The soldiers from the Queen's Gurkha Engineers Unit on Thursday set up a portable water purification unit on the grounds of what used to a royal palace in the Nepalese capital. The monarchy was abolished in 2008.

"I am just glad I could serve my countrymen when they really needed something so necessary like clean drinking water," said Cpl Bhesh Gurung, 34. "I have been away for 13 years serving in a foreign land and finally I can do something for my motherland."
    
Gurung and his fellow Gurkha soldiers, helped by friends from Nepal's armed forces, were pumping ground water, filtering it in a purification unit and storing it in balloon tank with a capacity of 5,000 liters.

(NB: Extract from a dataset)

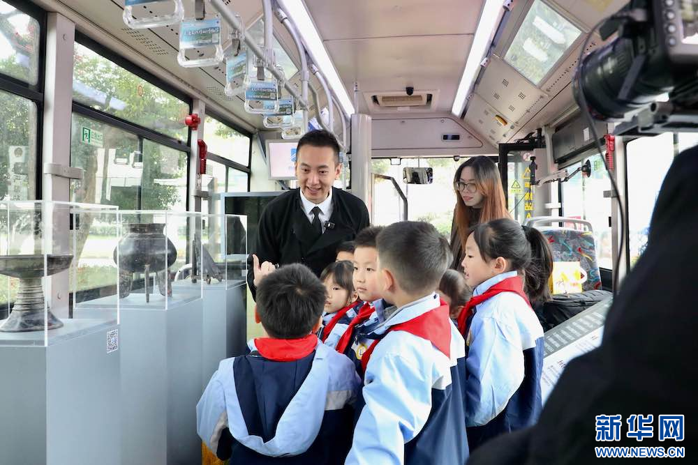 在杭州的大街小巷里,或许会碰上这样一辆特殊的公交车,上面载的并不是乘客,而是一排排精致的良渚古城遗址重要文物复制品以及特色文创产品。玉琮、玉璧、玉钺、陶鼎、双鼻壶、刻纹宽把杯……丰富的展品和文创,吸引了不少孩子围观。

Nearly 2,000 people in tented camps and the Nepalese  soldiers stationed in the royal palace area are the immediate beneficiaries. Gurung said he and his colleagues plan to bring in water
tankers and distribute water to other parts of the city.
    
Nina Tamang, holding her 20-day old baby, said it was a blessing to get the clean water for herself and her child. "I am so happy that our Gurkha brothers have come to help us and provide something so important like water," Tamang, 20, said while eating rice and curry in a light blue tent provided by the Chinese relief team.
    
A Nepalese soldier at the camp Subarna Gurung was also happy to have the water in their camp.
    
"We have been using dirty water until Thursday, when they came in and cleaned the water," he said. Gurkhas have been part of the British military for over two centuries, and have fought in the Falklands, Iraq and Afghanistan. Thousands of young men from the poverty-stricken Himalayan hills still apply to join the force every year.